Fachkräftemangel, die X.

Es ist erstaunlich, wie hartnäckig sich das Thema Fachkräftemangel hält. Wer davon wohl profitiert?

Derek Lowe von „In the Pipeline“ hat den Fachkräftemangel im MINT-Bereich jetzt aufgegriffen.. Er hat bemerkt, dass sich die Pharmaindustrie nach den USA auch in Großbritannien beklagt. In gekonnt ironischer Art weist Lowe darauf hin, dass es kaum offene Stellen gibt und die Gehälter seit dreißig Jahren nur wenig gestiegen sind. Das trifft übrigens auch auf Deutschland zu.

Für die Gehälter der USA hat C&EN gerade gezeigt, dass sie seit 1985 inflationsbereinigt kaum gestiegen sind.

Was soll man da noch sagen? Gut, dass wieder viele Studienanfänger Chemie gewählt haben!

Gehälter von Chemietechnikern und Chemikern in der Produktion

Nach einem Bericht der Nachrichten aus der Chemie vom März 2015 auf der Seite 400 verdienen Chemietechniker im Schnitt 4085 Euro brutto im Monat. Genau nachlesen kann man das bei der Hans-Böckler-Stiftung, bzw. bei lohnspiegel.de. Natürlich hängt das Gehalt von vielen Faktoren wie Betriebsgröße, Gültigkeit des Tarifs, Geschlecht etc. ab.

Auf der gleichen Seite wird eine Meldung des VAA zitiert, wonach Chemiker in der Produktion mehr verdienen als Ihre Kollegen in Vertrieb oder F&E.

Vielleicht liegt das auch daran, dass die meisten Chemiker in der F&E als Berufsanfänger starten und sich danach in andere Bereiche wie z.B. die Produktion weiterentwickeln.

Hier sei auch nochmal der Hinweis auf die GDCh-Gehaltsumfrage wiederholt.
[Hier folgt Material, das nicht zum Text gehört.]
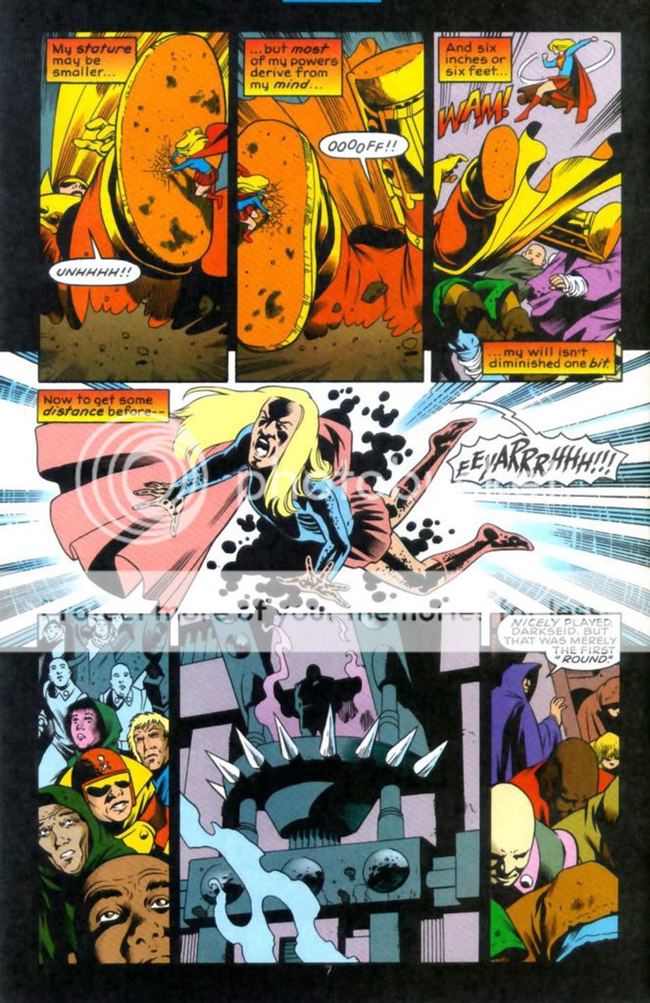 6. Here Darkseid takes a hit from a pissed of Supergirl and it does nothing to him, he even casually strolls away as he doesn’t want to fight. This is even when Darkseid was later to be revealed to be weaker then normal as he lost most of the Omega Force being traped in the Source Wall just an issue earlier.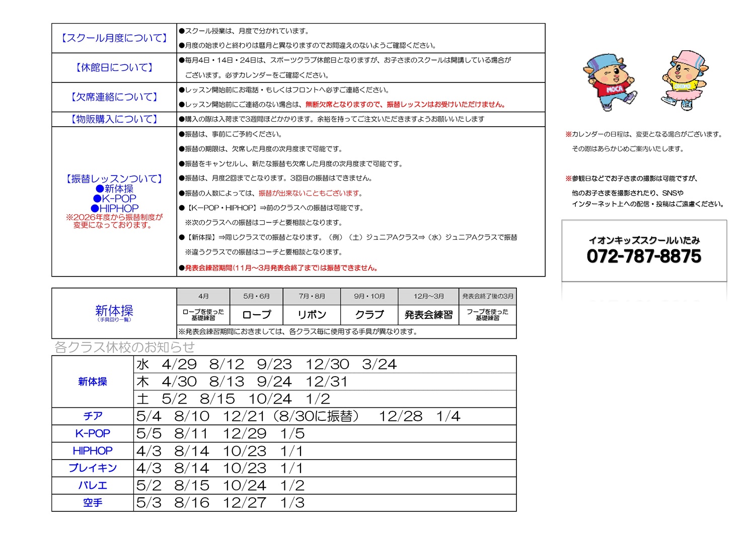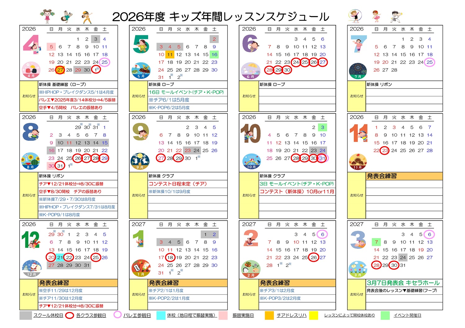 伊丹昆陽店 2026年度 キッズスクールカレンダー

Gehaltsumfrage 2015 der GDCh

GDCh und VAA rufen wie jedes Jahr zur Teilnahme an der Gehaltsumfrage für Chemiker in der Industrie auf. Die Fragebögen sollten bis Mitte Februar an GDCh-Mitglieder in der Industrie verschickt sein.

Wer noch keinen bekommen hat, aber in der Industrie arbeitet, dann unter MyGDCh nachsehen, ob seine Dienstadresse dort hinterlegt ist und einen Fragebogen unter der Email karriere@gdch.de anfordern. Hier muss die Mitgliedsnummer angegeben werden.

Weitere Informationen gibt es unter http://www.gdch.de/gehalt.

Employer Branding

Gerade habe ich das Buch „Employer branding für KMU“ im Internet gefunden.

Ich zitiere:

Eine attraktive Arbeitgebermarke ist in Zeiten des Fachkräftemangels das A und O im Personalmarketing.

Nun ist das Buch nicht speziell für die Chemiebranche verfasst und bestimmt in der guten Absicht, kleinen und mittleren Unternehmen im Wettbewerb um gute Arbeitskräfte zu helfen. Mir missfällt, dass hier wieder der vielstrapazierte Fachkräftemangel als Vorwand herhalten muss, Unternehmen ein Buch mit Tipps zu verkaufen, wie man möglichst günstig an gute Mitarbeiter kommt.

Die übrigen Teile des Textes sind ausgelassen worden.